In other news....the *chokes* date with the ex was...interesting. It was weird. I just didn't really feel anything...but I got the impression he did. He called me after that...just to talk about me and how my day was. And I was civil. Let some days go by because I really didn't care if I never spoke to him again...and then he up and called me today just out of the blue. He has a knack for calling me at inopportune moments, LOL. I remember once he called me while I was going through Anaphaletic shock. Okay, back on topic.
I was busy at the time so I couldn't be as responsive as I probably should have been. That, and I was surrounded by the people who absolutely hate his guts.
You-Know-Who was there. I love him, really. He's such a sweetie. Sometimes I wish...well, I don't know what I wish exactly. It's just sometimes I'll be with him and I'll feel completely content and happy.
*sighs* Let's see...what else was I going to share here? Oh, the song of the day is Widow by Mars Volta. I can't get enough of this song.

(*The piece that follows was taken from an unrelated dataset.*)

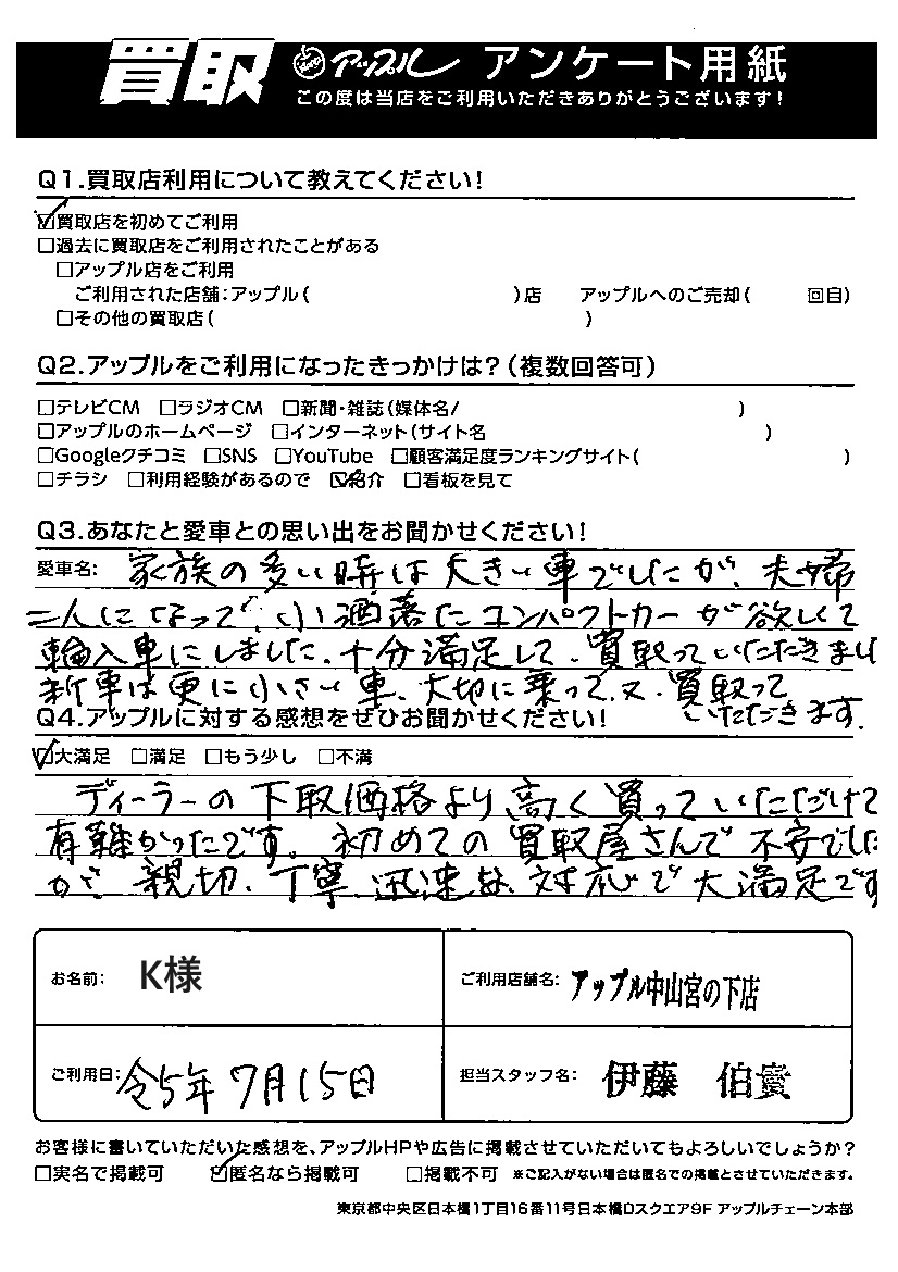 お車のご相談・ 査定だけでもOK! カンタン 入力 30秒 アップルがブランド買取始めました! お電話でも受付中! 受付時間10:00 ~ 19:00(最終受付は18:30となります) 045-929-2211 お車のご相談・ 査定だけでもOK! カンタン 入力 30秒 アップルがブランド買取始めました! お電話でも受付中! 受付時間10:00 ~ 19:00(最終受付は18:30となります) 045-929-2211 アップルがブランド買取始めました! お電話でも受付中! 受付時間10:00 ~ 19:00(最終受付は18:30となります) 045-929-2211 店舗情報 在庫車 スタッフ紹介 ブログ お客様の声 キャンペーン お得 無料査定 click お客様の声 ご記入日: 2023/07/15 K様 車名:プジョー 208 この度は、たくさんある車買取店の中から、アップル中山宮の下店をお選び頂き、誠にありがとうございました。輸入車でけでなく、国産車も高ーく買い取る事ができますので、次回も是非、当店をご利用下さい!! 前へ 次へ お客様の声一覧を見る

He’s got fasting black lungs
Made of clove splintered shardes
They’re the kind that will talk
Through a weezing of coughs
And I hear him every night
In every pore
And every time he just makes me warm
Freeze without an answer
Free from all the shame
Must I hide
Cuz I’ll never never sleep alone
Look at how they flock to him
From an isle of open sores
He knows that the taste is such
Such to die for
And I hear him every night
On every street
The scales that do slither
Deliver me from…
Freeze without an answer
Free from all the shame
Then I’ll hide cuz i’ll never never sleep alone
Oh lord
Said I’m bloodshot for sure
Pale runs the ghost
Swollen on the shore
everynight
in every pore
The scales that do slither
Deliver me from…
Freeze without an answer
Free from all the shame
Then I’ll hide
Cuz I’ll never never sleep alone
It's an awesome song. Really haunting.